Single by Chicago

from the album Chicago
- B-side: "Colour My World"
- Released: March 17, 1970
- Recorded: August 1969
- Genre: Rock; soft rock;
- Length: 2:58 (Original single edit) 3:32 (Album version) 4:25 (Only the Beginning edit)
- Label: Columbia
- Songwriter: James Pankow
- Producer: James William Guercio

Chicago singles chronology
| "I’m a Man" (1970) | "Make Me Smile" (1970) | "25 or 6 to 4" (1970) |

= Make Me Smile =

"Make Me Smile" is a song written by James Pankow for the rock band Chicago with the band's guitarist, Terry Kath, on lead vocals. Part 1 of Pankow's 7-part "Ballet for a Girl in Buchannon" song cycle/suite, it was recorded for their second album, Chicago (often called Chicago II), which was released in 1970. The song "Now More Than Ever", a separate track from the same song suite, serves as a reprise of the song and appears edited together with it on many later versions, including a single edit, on several greatest hits collections, and in many live performances.

==Background==
A radio-friendly edit of "Make Me Smile" was released as a single in March 1970, becoming the band's first Top 10 record, peaking at number nine on the U.S. Billboard Hot 100 chart. Pulled from the first movement of the "Ballet for a Girl in Buchannon" suite, several changes were made in order to make the song more suitable for radio. This included a modified introduction and abbreviated guitar solo. Finally, parts of the track "Now More Than Ever" were appended on the end to make a complete, 3-verse song.

Reviewing the single, Cash Box said that "just a grand song to glide along with, the new Chicago offering comes up with even more audience-shattering magnetism than their two earlier singles" and noted the "brisk motion and a fine instrumental styling." Billboard called it a "solid beat rocker" that's "a mover from start to finish, loaded with discotheque appeal." Record World said that the song was "very happening."

When Chicago released their compilation album The Very Best of Chicago: Only the Beginning in 2002, they featured a new edit of the song, with the "Make Me Smile" and "Now More Than Ever" parts segued together again, but without the numerous cuts—the full intro and the guitar solo of the former part, and the full outro of the latter part, were thus included.

"Make Me Smile" was the group's breakthrough hit, in that its success triggered renewed interest in the group's two prior releases from 1969 which had previously failed to reach the U.S. Top 40. "Questions 67 and 68" had reached #71 that year, but on re-release in 1971 reached #24. And "Beginnings" had failed to chart in 1969, but on re-release in 1971 reached number seven on the Pop chart and #1 on the Easy Listening chart.

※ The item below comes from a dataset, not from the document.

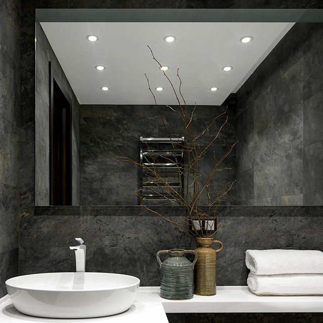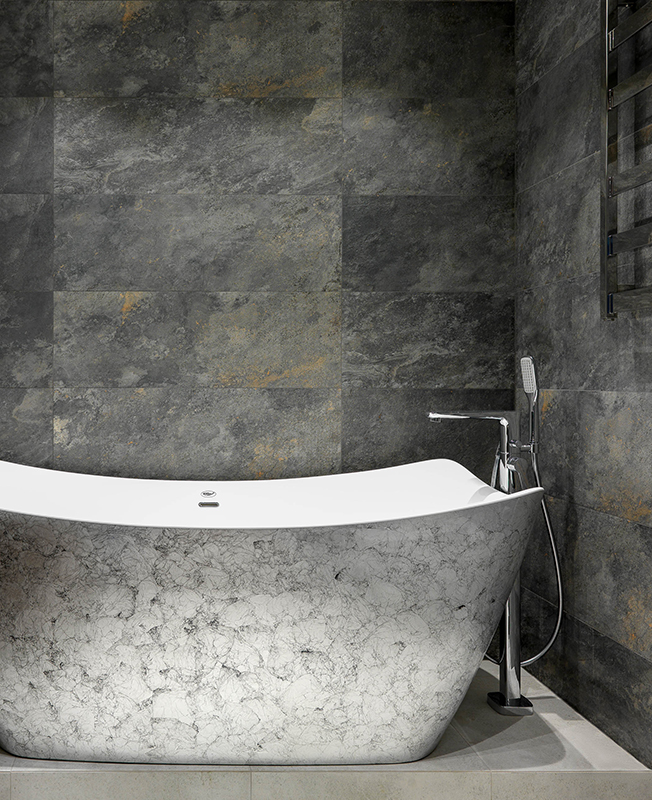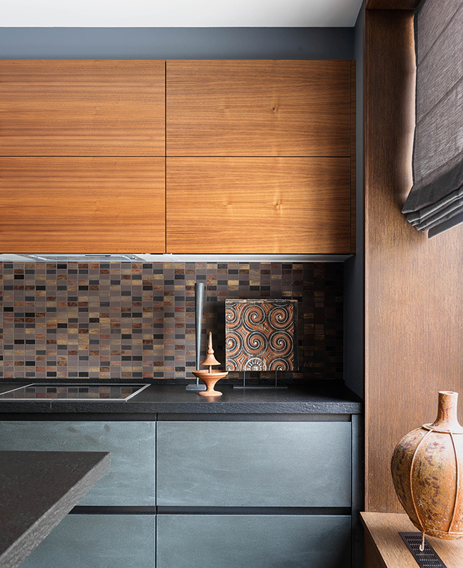 «Люблю использовать текстурные материалы. Всю зону прихожей и гостиной мы оформили декоративной штукатуркой. Продолжили эту идею на фасадах кухни. Они керамические, с хаотичной натуральной текстурой. И мне, и клиенту нравятся брутальные поверхности материалов — и здесь мы сошлись». В санузлах применили керамогранит под мрамор и под камень. Вся корпусная мебель и часть столярных изделий были выполнены на заказ по эскизам дизайн-студии Анастасии Ковальчук. Также использовали мебель Alberta Salotti, Alf DaFre.

Following the death of Terry Kath in 1978, the vocals for live performances of "Make Me Smile" were handled by Bill Champlin from 1981 until his departure in 2009, with Lou Pardini taking over performances of the song until his departure in 2022, followed by Robert Lamm until his retirement from touring in 2025. Currently, the song is performed by bassist Eric Baines or vocalist Rudy Cardenas. Other members that have occasionally performed lead vocals for the song include Jason Scheff, Jeff Coffey, and Neil Donell.

== Personnel ==
- Terry Kath – lead vocals, electric guitar
- Robert Lamm – acoustic piano, backing vocals
- Peter Cetera – bass, backing vocals
- Danny Seraphine – drums, tambourine, maracas
- Jimmy Pankow – trombone
- Lee Loughnane – trumpet
- Walt Parazaider – tenor saxophone

==Chart performance==

===Weekly charts===

| Chart (1970) | Peak position |
|---|---|
| Australia Kent Music Report | 33 |
| Canada RPM Top Singles | 11 |
| France (IFOP) | 24 |
| U.S. Billboard Hot 100 | 9 |
| U.S. Cash Box Top 100 | 11 |

===Year-end charts===

| Chart (1970) | Rank |
|---|---|
| Australia | 164 |
| U.S. Billboard Hot 100 | 59 |
| U.S. Cash Box | 60 |

==In popular culture==
"Make Me Smile" was made available for download on October 23, 2012 for Rock Band 3 Basic and PRO mode for use with real guitar/bass guitar, and MIDI-compatible electronic drum kits/keyboards, but as its new edit from The Very Best of Chicago: Only the Beginning.